Representation in media, or in this case, in theater and musicals, matters, according to Jennifer Plants, an English and theater professor at UW-Madison. 

“Representation matters because our ideas about race come from socialization and what we see in media and popular culture. And that shapes what we think about people that are different from us,” Plants said. “White people can play any roles, they get to be and act anything. But if you only see a limited portrayal of a certain group of racial minorities, it affects the perception of the entire group of minority.”

The Overture Center said it values the power theater has to represent different people. The key is to host a wide variety of programming from different perspectives and being open to the dialogue that each piece creates, whether it is a modern piece or a show that was created in a very different era, according to Poppens.  

Plants believes directors and creators of theater and musicals must consider representation, as theater is one of the few places that viewers get to sit down with other people and interact with the stage in real time. So the musical raises a question to musical creators: “Am I the right person to help tell the story that does not reflect my own community?” 

“Theater is a very powerful medium. We need to think about ‘who gets the talking’ and ‘whose story gets to be on stage.’ The world is changing and by 2045, white people will no longer be the majority,” Plants said. “Why in the world we are still plotting out a racist world? I don’t think that is the world we want to be in.”

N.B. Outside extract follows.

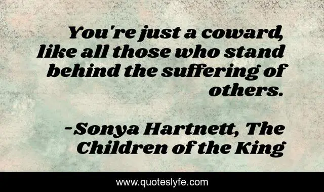 This page presents the quote "You're just a coward, like all those who stand behind the suffering of others.". Author of this quote is Sonya Hartnett, The Children of the King. .

And, the regurgitating patterns that viewers see in American media may be taking a toll on the Asian American community. 

“It’s familiar to white people. To them, it is true or even entertaining. But it is harming the Asian American community,” Yu said. “Even during the flyering event … a number of students, female students, told me that some people tried to go up to them and say hi in different Asian languages.” 

In response to the protests, Edgewood College cancelled its visit to the Overture to watch the show, after the Dean of Students Heather Harbach read Yu’s article. Harbach said she understood the institution has to provide inclusive events.

Ed Holmes, Overture’s senior vice president for equity and innovation who coordinated the event, said the center decided to cancel the event because the panelists and the Overture were not all on the same page. 

“Our goal was to ensure that all voices were heard. [We] felt that we were too far apart on the purpose of the panel. We are working on rescheduling,” Holmes said in the statement. “An added benefit of discussing these issues at a later date is everyone will have the opportunity to see the show and be more informed about the content, which is the central focus of our anticipated discussion.” 

Most of the original discussion panelists have already declined invitations to join the rescheduled panel, according to Yu.

Poppens said the center welcomes additional dialogue with the panelists to be able to announce concrete steps for the future. 

“In the meantime, our staff and Community Advisory Board which has representation from a wide [variety] of Madison’s communities, including Asian American representation, continue to work on our diversity and inclusion programs including some Equity Criteria against which we will evaluate future programming,” Poppens said. 

Yu said the community is still waiting for the Overture to take action. He suggests that, in the future, the art center can showcase musicals by Asian American creators and stories that reflect Asian American voices and perspectives. 

The Asian American campus community’s position is clear: the community wants representation that reflects real life stories and experiences. As the Asian American Studies Program press release states, “we will not be silenced.”